I look to my friend. “What did you do?”
“What I had to.” He takes control of the hologram and wipes Jupiter away, replacing it with me. Sixteen years old. Scrawny and pale and naked on a table as Mickey stands over me with his buzzsaw. A chill trickles down my spine. But it’s not even my spine. Not really. It belongs to these people. To the revolution. I feel…used as I realize what he’s done.
“You released it.”
“Damn right,” Sevro says nastily, and I feel all their eyes settling on me, now understanding why my blade is painted on the roofs of Tinos’s refugees. They all know I was once a Red. They know one of their own conquered Mars in an Iron Rain.
I started the war.
“I released your Carving to every mine. To every holoSite. To every millimeter of this bloodydamn Society. The Golds thought they could kill you off. That they could beat you and make your death mean nothing. I’ll be damned if I’d let that happen.” He thumps his hand on a table. “Damned if I’d let you disappear facelessly into the machine like my mother. There’s not a Red on Mars that doesn’t know your name, Reap. Not a single person in the digital world who doesn’t know that a Red rose to become a prince of the Golds, to conquer Mars. I made you a myth. And now that you’re back from the dead, you’re not just a martyr. You’re the bloodydamn messiah the Reds have been waiting for their entire lives.”

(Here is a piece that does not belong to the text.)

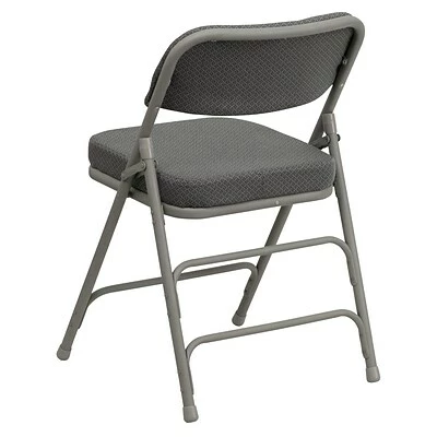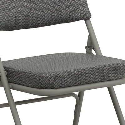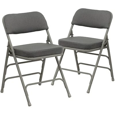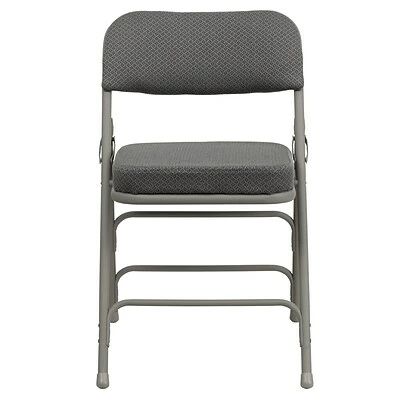 Ensure that your guests, clients, or parishioners pay more attention to you than the clock with this ultra-comfortable Flash Furniture HERCULES Series folding chair. This chair is a practical choice for social activities and everyday use in the home due to their compact storage capabilities. The steel folding chair is commercial grade to withstand heavy and daily use in any industry. Take your regular group meetings outdoors instead of staying in a stuffy room or host beautiful outdoor events with the arrangement of this two-pack of padded folding chairs. While suitable for outdoor use, store the chair indoors to protect the frame from extreme moisture. Its 18-gauge triple-braced curved steel frame supports up to 300 lbs. while the nonmarring floor glides protect your flooring from scuffs and scrapes. The uses are endless with this multipurpose chair to fulfill your seating needs for your business or home. With nothing to assemble the chair comes ready to service your needs.

I sit with my legs dangling off the edge of the hangar, watching the city beneath teem with life. The clamor of a thousand hushed voices rises to me like a sea of leaves brushing together. The refugees know I’m alive. SlingBlades have been painted on walls. On roofs. The desperate silent cry of a lost people. For six years I’ve wanted to be back among them. But looking down, seeing their plight, remembering Kieran’s words, I feel myself drowning in their hope.
They expect too much.
They don’t understand that we can’t win this war. Ares even knew we could never go toe-to-toe with Gold. So how am I supposed to lift them up? To show them the way?

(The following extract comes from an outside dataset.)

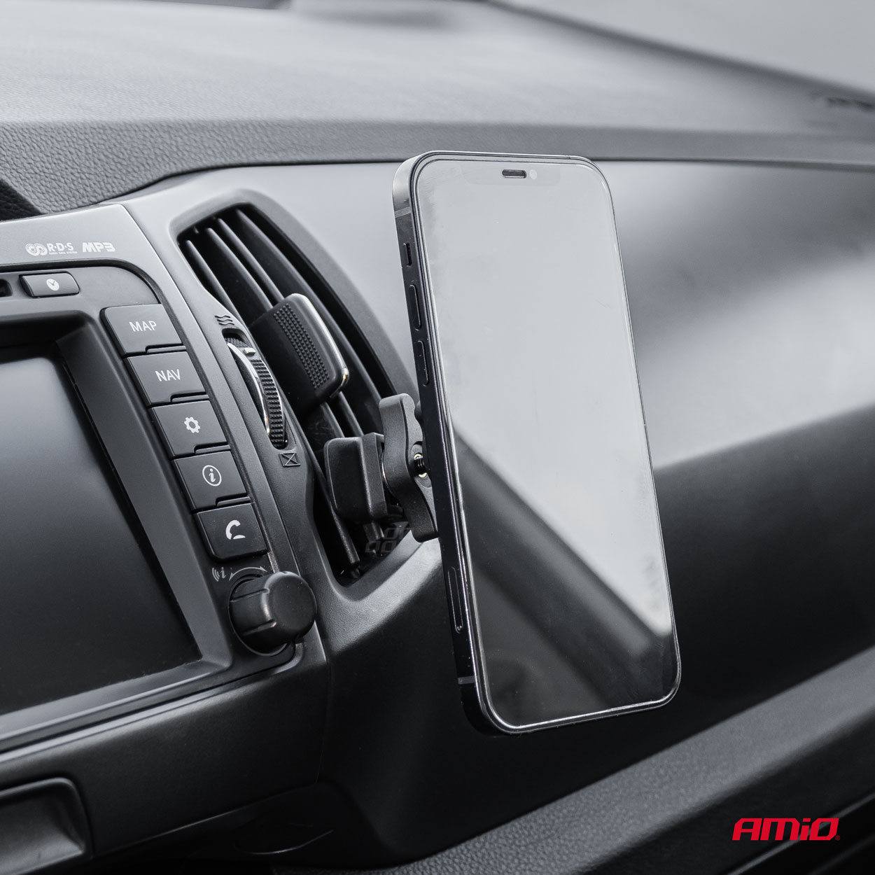 Innovatiivinen ja tyylikäs pidike AMiO My Mag -sarja, joka on yhteensopiva MagSafe-tekniikan kanssa. Tässä edistyneessä pidikkeessä on vahva magneetti ja kääntyvä varsi asennettavaksi auton tuuletusritilään. Mukana on pyöreä levy, jonka avulla voit käyttää pidikettä missä tahansa puhelimessa.

I’m afraid, not just that I can’t give them what they want. But that by releasing the truth, Sevro’s burned the boat behind us. There’s no going back for us.
So what does that mean for my family? For my friends and these people? I felt so overwhelmed by these questions, by Sevro’s use of my Carving, that I stormed out without a word. It was petulant.
Behind me, Ragnar moves past my wheelchair and slides down next to me. Legs dangling off the edge like mine. His boots comically large. The breeze of a passing shuttle catches the ribbons in his beard. He says nothing, at ease with the silence. It makes me feel safe knowing he’s here. Knowing he’s with me. Like I thought I would feel near Sevro. But he’s changed. Too much weight in that helm of Ares.
“When I was a boy, we always wanted to know who the bravest of us was,” I say. “We’d sneak out of our homes at night and go down into the deeptunnels and stand with our backs to the darkness. You could hear the pitvipers if you were quiet. But you could never tell how close they were. Most boys would break and run after a minute, maybe five. I always stood the longest. Till Eo found out about our game.” I shake my head. “Now I don’t think I’d last a minute.”